The Chord Protocol and Consistent Hashing

Consistent Hashing

See this amazing post for a simple explanation of the Chord System link The two key things to remember about it is

• Horizontal Scalability - On the addition and/or deletion of nodes, only approx ~k/n keys have to be moved, where k is the number of keys and n is the number of nodes. In the traditional hashing system (modulo n) all would have to be moved

• Solves non-uniform data distribution - It involves the introduction of a number of replicas or virtual nodes for each server across the ring. Thus giving a chance for a more even distribution of data across nodes

Chord

• Load balance: Chord acts as a distributed hash function,spreading keys evenly over the nodes • Decentralization: Chord is fully distributed: no node is more important than any other. This improves robustness • Scalability: The cost of a Chord lookup grows as the log of the number of nodes, so even very large systems are feasible. • Availability: Chord automatically adjusts its internal tables to reflect newly joined nodes as well as node failures. • Flexible naming: Chord places no constraints on the structure of the keys it looks up: the Chord key-space is flat.

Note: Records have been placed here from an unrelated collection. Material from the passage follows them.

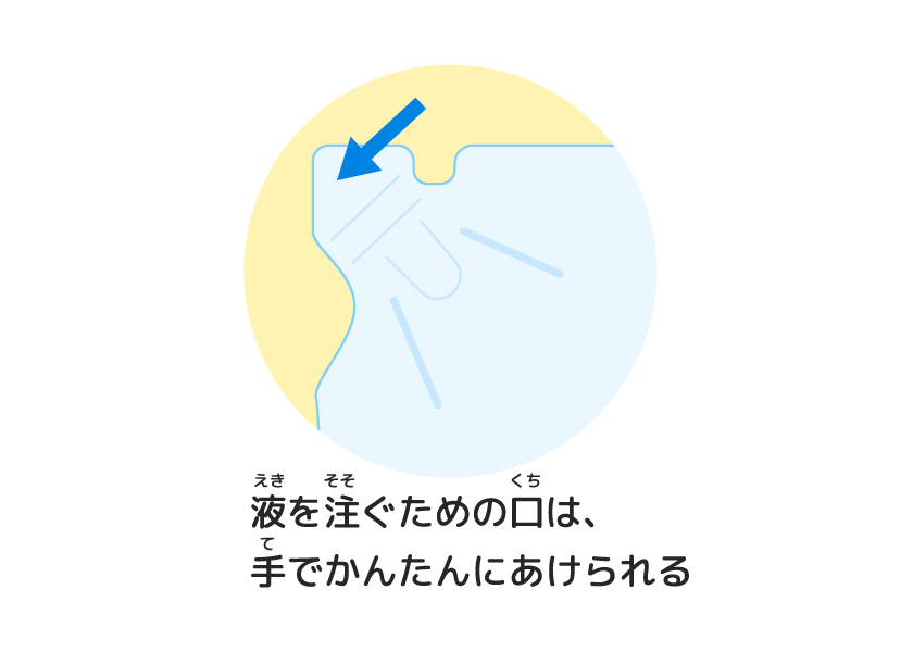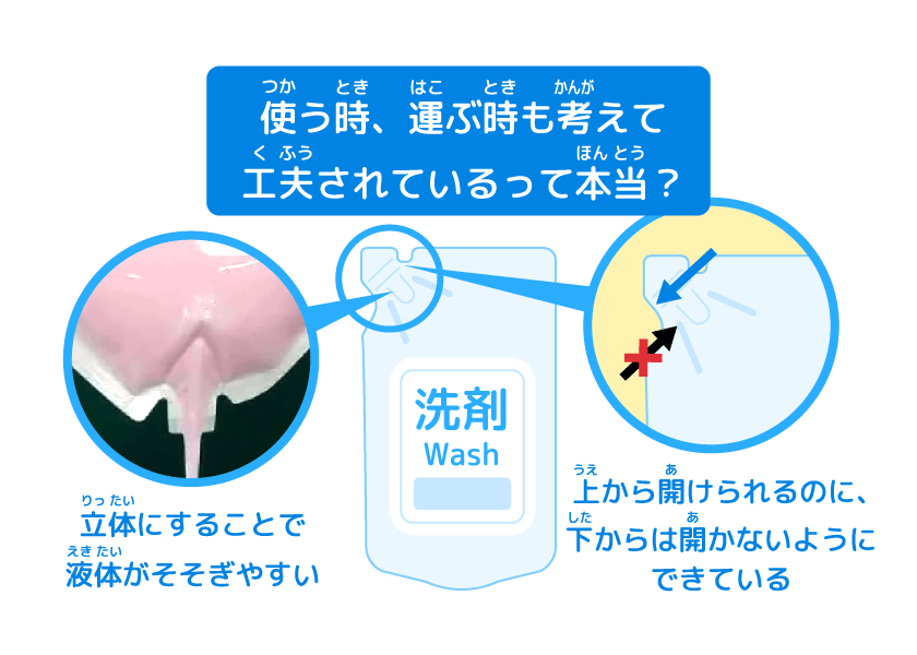 せんざい用(よう)パウチには、液(えき)を出(だ)すところが飛(と)び出(だ)しているタイプがあるよね。これは、ボトルに液(えき)を入(い)れやすくするためなんだ。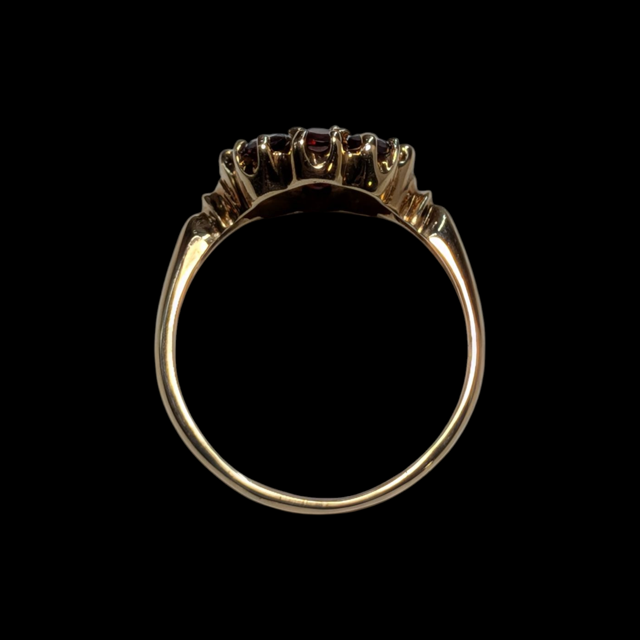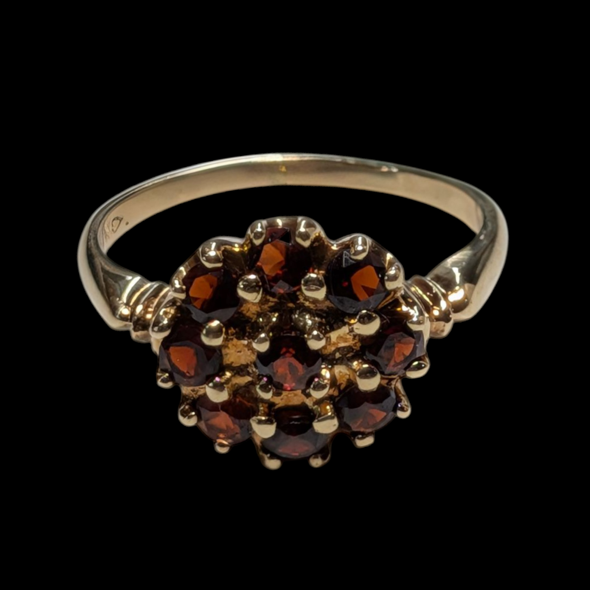 - Dimensions: Face: 3/4" x 1/2", Garnet (x9): 3mm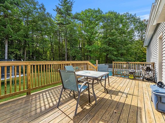 Experience country living in a picturesque neighborhood! This impressive Colonial sits on a one-acre lot, featuring a spacious deck and paver patio with serene woodland views. The open floor plan fills the home with natural light, offering plenty of space for relaxation and entertaining. The gourmet kitchen includes stainless steel appliances, a large island, and ample cabinet space. Gleaming hardwoods flow throughout, including oak stair treads on the central staircase. The living room, with its brick fireplace and wood-burning pellet stove, leads into a cozy study with custom built-ins. The expansive family room boasts a soaring cathedral ceiling, French doors, and a slider to the deck. Garage is a mechanics dream. The master suite features a full bath and walk-in closet. Enjoy an oversized two-car garage and a driveway that fits up to 14 cars. Priced just under similar homes, you get more bang for your buck—and you're just minutes from major highways!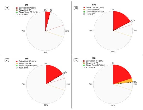 The spawning potential ratio was estimated for four species of demersal fish—N. tambuloides (A), P. longimanus (B), U. sulphureus (C), P. tayenus (D). The red line indicates a limit reference point of SPR20%, while the orange line represents a target reference point of SPR30%. See Supplementary Files S1–S5.
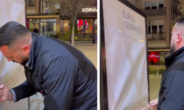 Në rrjetet e sociale, është ndarë një video ku shihet një qytetar teksa mbulon pankartën ku ishte shkruar për Masakrën në burgun e Dubravës.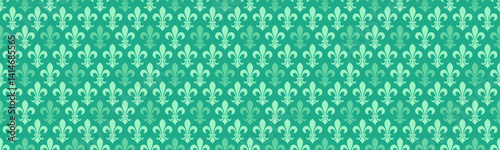 Elegant teal fleurdelis pattern, perfect for luxurious designs.  This repeating background offers a sophisticated and regal aesthetic, ideal for invitations, websites, or textile prints.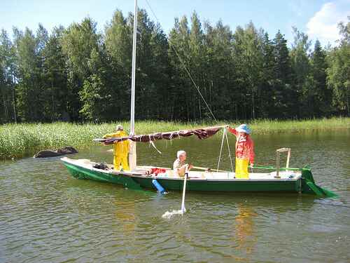 The Raider was finished in time for the 2008 Finnish Raid. Norm jetted over a bit early to sort it out or at least get used to it. He took along his Normsboat sail. The race was apparently its first time in the water, more or less. Here it is being paddled out for a sail: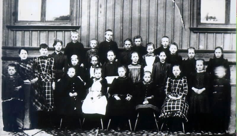 Skolklass, Köllerströms skola, Storgatan 2. Övre raden från vänster : 1. Erik Janzon, 3. Gunnar Wiik, 5. Gerhard Kappers, 7. Valdemar Janzon. Mellanraden: 6. Hildur Pettersson, dotter till Läroverksadjunkt Pettersson. Flickor, från höger, mellanraden : 4. Valborg Sundberg, 6. Ingrid Sundberg, två flickor i rutiga klänningar: t.h. Elna Helander, t.v. Tullie Helander g. Koch. Nedre raden : 1. Gustaf Janzon, 3. dotter till polis Högberg, 4. Hilma Ericson.
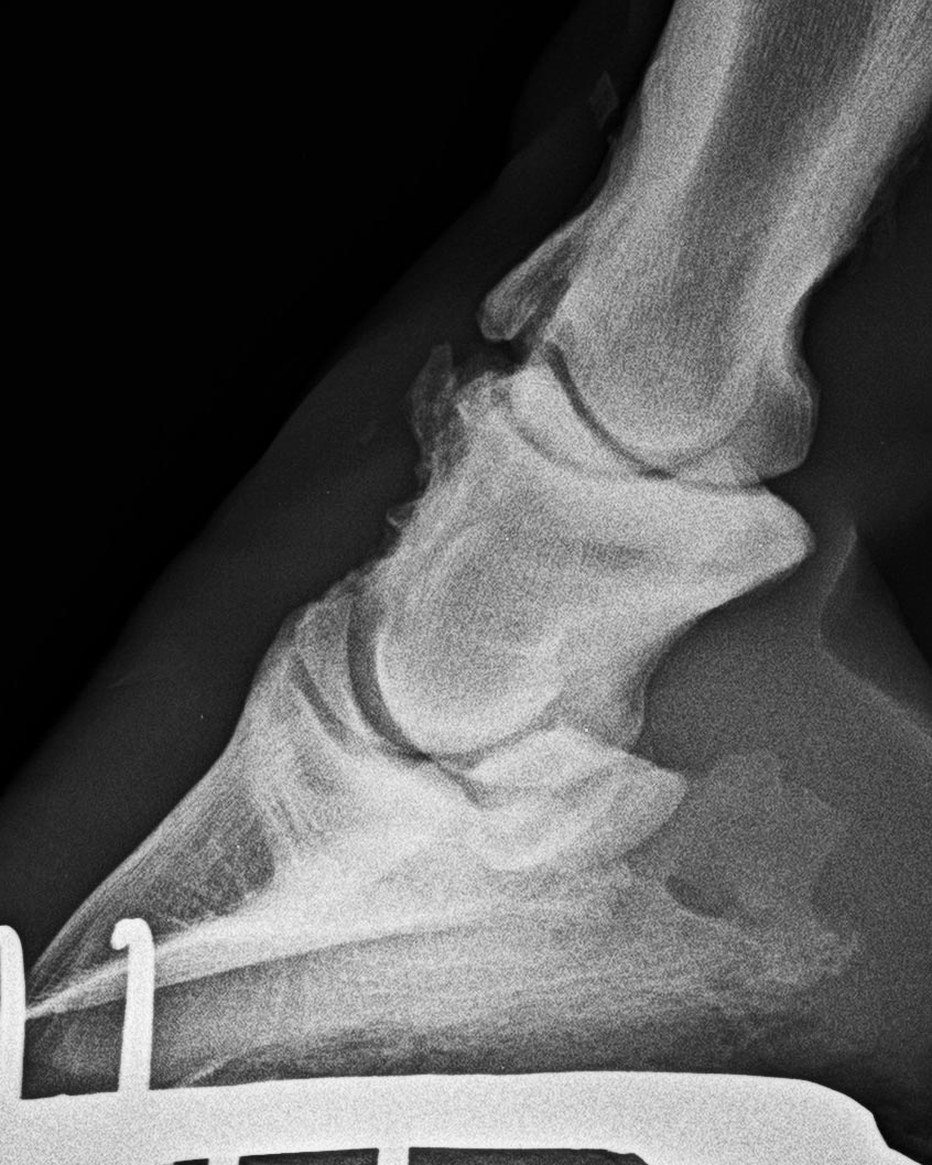 Höchstgradige Krongelenksarthrose (wie im Bild zuvor) Aufnahmerichtung ca. 80°

In an N-node network, each node maintains information about only O(log N) other nodes, and a lookup requires O(log N) messages.

Simple Key Look Up

Lets assume that the we use the algorithm successor(x) to find the hash of the node or key and finds the first node that is equal to or greater than the hashed value. Each node need only know how to contact its current successor node on the identifier circle. Queries for a given identifier could be passed around the circle via these successor pointers until they encounter a pair of nodes that straddle the desired identifier.

Scalable Key Location

To accelerate lookups, Chord maintains some additional routing information

• Let m be the number of bits in the key/node identifier. Each node n will then maintain a routing table with upto m entries, called the finger table.
• The i’th entryin n’s table contains the identity of the first node that succeeds n by 2^(i-1), ie s = successor(n+2^(i-1)). We call it the i’th finger of n
• The first finger is the next node (successor(n+1)) as is referred to as the successor
• If id falls between n and its successor, find successor is finished and node n returns its successor
• Otherwise, n searches its finger table for the node n whose ID most immediately precedes id, and then invokes find successor at n0.
• With high probability, the number of nodes that must be contacted to find a successor in an N-node network is O(log N).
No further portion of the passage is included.